* **Instructions for the task**
What you return should be the lines from the one with "forskyves noe. |" through the one with "distribuitoare manuale actionate" in the data below, reproduced exactly with both ends, and no pictures at all.

++++ Dataset extract

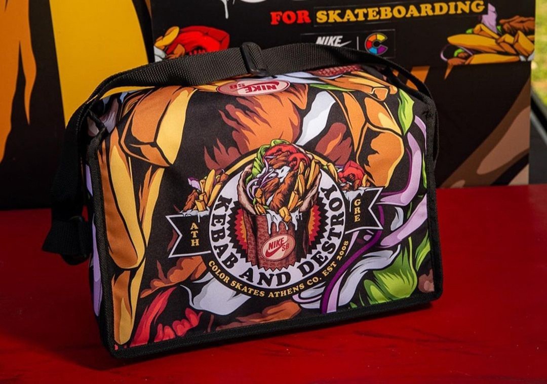 此次全新联名 Nike 携手雅典滑板店铺 Color Skates,以经典美食 “Kebab” 为设计灵感。
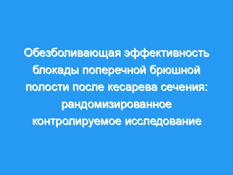 Блок поперечной плоскости живота (TAP) является эффективным методом обеспечения послеоперационной анальгезии у пациентов, перенесших разрезы брюшной стенки по средней линии. Мы оценили его обезболивающую эффективность в течение первых 48 послеоперационных часов после кесарева сечения, выполненного через разрез Пфанненштейна, в рандомизированном контролируемом двойном слепом клиническом исследовании.
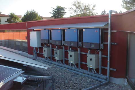 - une toiture inclinée à 11° de 132 modules de 250 W soit 33 kWc qui alimentent deux onduleurs SMA Sunny Tripower triphasés de 15 kVA et devraient produire 42,6 MWh/an ;
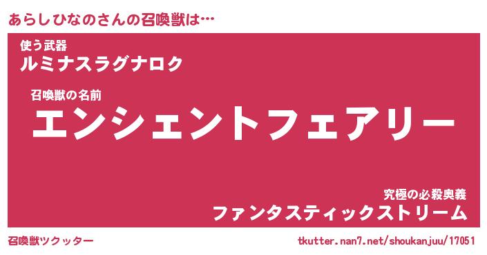 | ヒーロー風カッコイイあだ名 | 『スーパーアラシヒナノ』『天弓騎士アラ』 |
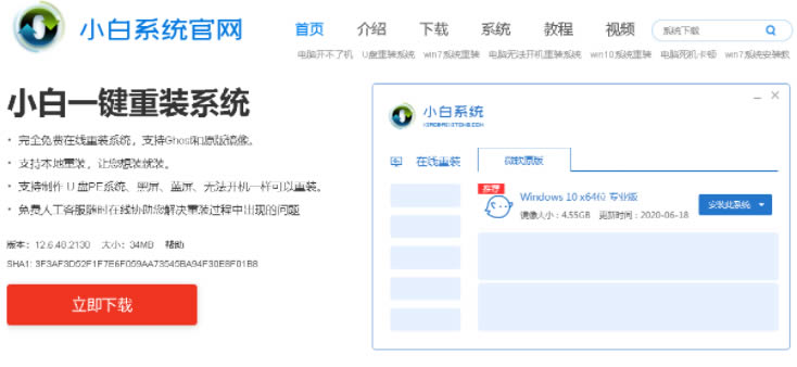 1.先下載新版小白一鍵重裝系統,直接進入主頁點擊下載。
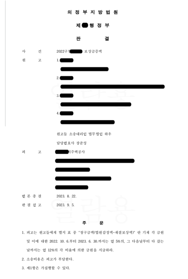 법무법인 하우는 '수목' 소유주들을 대리하여 사업시행자가 제시한 수목 보상금이 너무 적다고 판단하여 협의에 응하지 않았고,
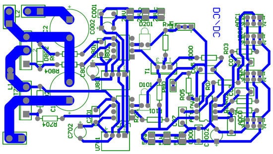 The realizations of a DC/DC converter designed in the research is presented in Figure 13. PCB design made as part of the research work is presented in Figure 14.
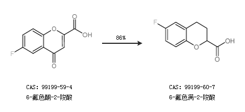 1.通过6-氟色酮-2-羧酸合成6-氟色满-2-羧酸,收率约86%;
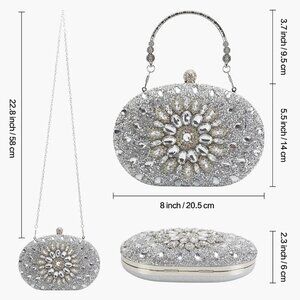 PERFECT SIZE -----The crystal clutch purse external dimensions: 8"L x 5.5"H x 2.3"W, Internal dimensions:7.2"L x 4.7"H x 2"W. Weight:0.9 LB. One detachable metal shoulder O chains Length-47.24",silver metal handle height 3.7".It is a small bag.Please refer to the size. confirm purchase.
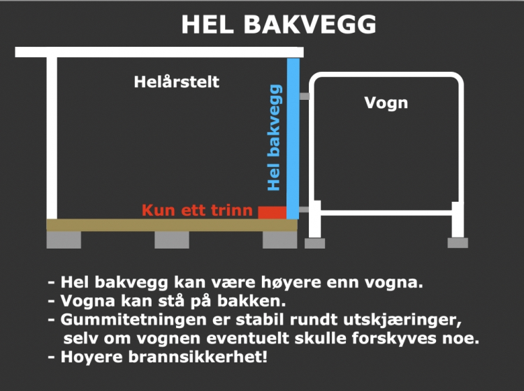 | Dersom lokale regler hindrer hel bakvegg, har vi en alternativ løsning. a) Store utskjæringer i bakvegg, likevel stabil bæring og god gummitetning som ved vanlig hel bakvegg. b) Hel bakvegg kan være høyre enn vogna. c) Vogna kan stå på bakken. d) Kun ett trinn mellom helårstelt og vogn. e) Gummitetning er stabil selv om vogna evt. skulle forskyves noe. |
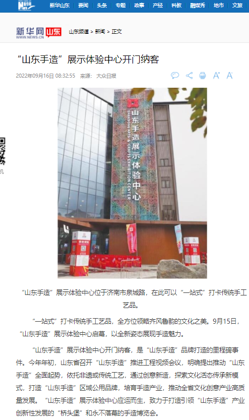 2.新华网·“山东手造”展示体验中心开门纳客http://www.sd.xinhuanet.com/news/2022-09/16/c_1129006532.htm
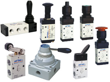 distribuitoare manuale actionate cu diferite accesorii: levier lung sau scurt, rola, buton ciuperca, buton ciuperca cu blocare, maneta, buton ingropat sau selector
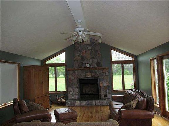 Fabulous lakefront home with so many living options. This home will work well for the busy, growing family, the family needing space for parents or even an excellent option for the couple wanting to run a Bed and Breakfast. The 5 plus bedrooms and 4 bathrooms give the new owners a home to be proud of. The expansive Living room has a stone fireplace with a panoramic view. The dining room has lovely wood floors and easy access to the deck overlooking the lake. The large kitchen offers classic oak cabinetry and a useful island bar. The laundry area is a large and functional workspace. There is a covered porch with stone accents and a 3 car garage. Don't forget the lakefront! 100 feet of sandy beach. This property is nestled in the corner of the lake keeping it a private setting. There is nice distancing between the road and the home and the home and the lake. This is a great property!
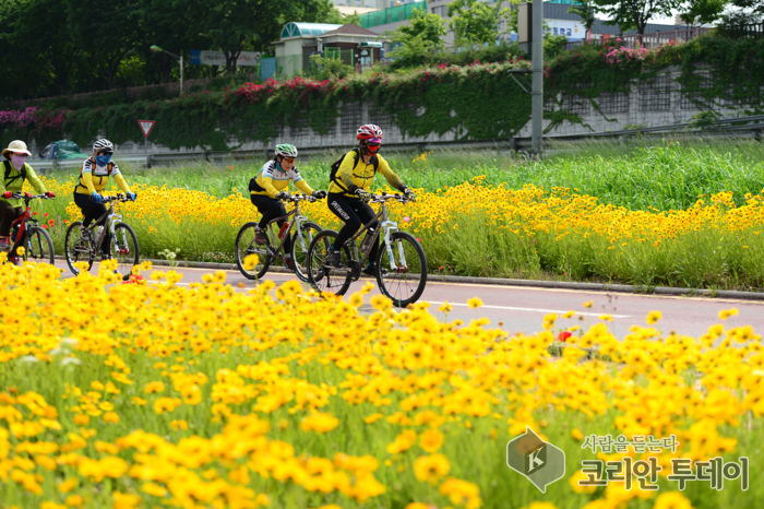 [코리안투데이중랑천변 자전거길에서 자전거 타는 시민들(사진제공동대문구청ⓒ 박찬두 기자
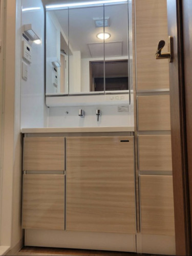 浴室とテイストをそろえベージュ系で落ち着きのある雰囲気に統一し、毎日の身支度も気持ちよく♪
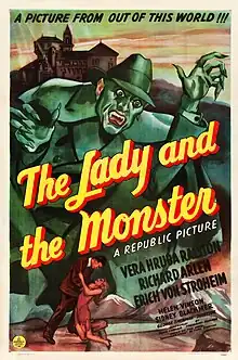 The Lady and the Monster is a 1944 American science fiction horror film directed by George Sherman, and starring Vera Ralston, Richard Arlen, and Erich von Stroheim.[1] The film is about the attempts to keep alive the brain of a multimillionaire after his death, only to create a telepathic monster. The man then takes over the medical assistant's mind, and the "lady" of the title has to fight it. The film's copyright was renewed in 1971, so it will enter the American public domain in 2040.[2]

++++++++

* **Answer to the exercise**
 | Dersom lokale regler hindrer hel bakvegg, har vi en alternativ løsning. a) Store utskjæringer i bakvegg, likevel stabil bæring og god gummitetning som ved vanlig hel bakvegg. b) Hel bakvegg kan være høyre enn vogna. c) Vogna kan stå på bakken. d) Kun ett trinn mellom helårstelt og vogn. e) Gummitetning er stabil selv om vogna evt. skulle forskyves noe. |
 2.新华网·“山东手造”展示体验中心开门纳客http://www.sd.xinhuanet.com/news/2022-09/16/c_1129006532.htm
 distribuitoare manuale actionate cu diferite accesorii: levier lung sau scurt, rola, buton ciuperca, buton ciuperca cu blocare, maneta, buton ingropat sau selector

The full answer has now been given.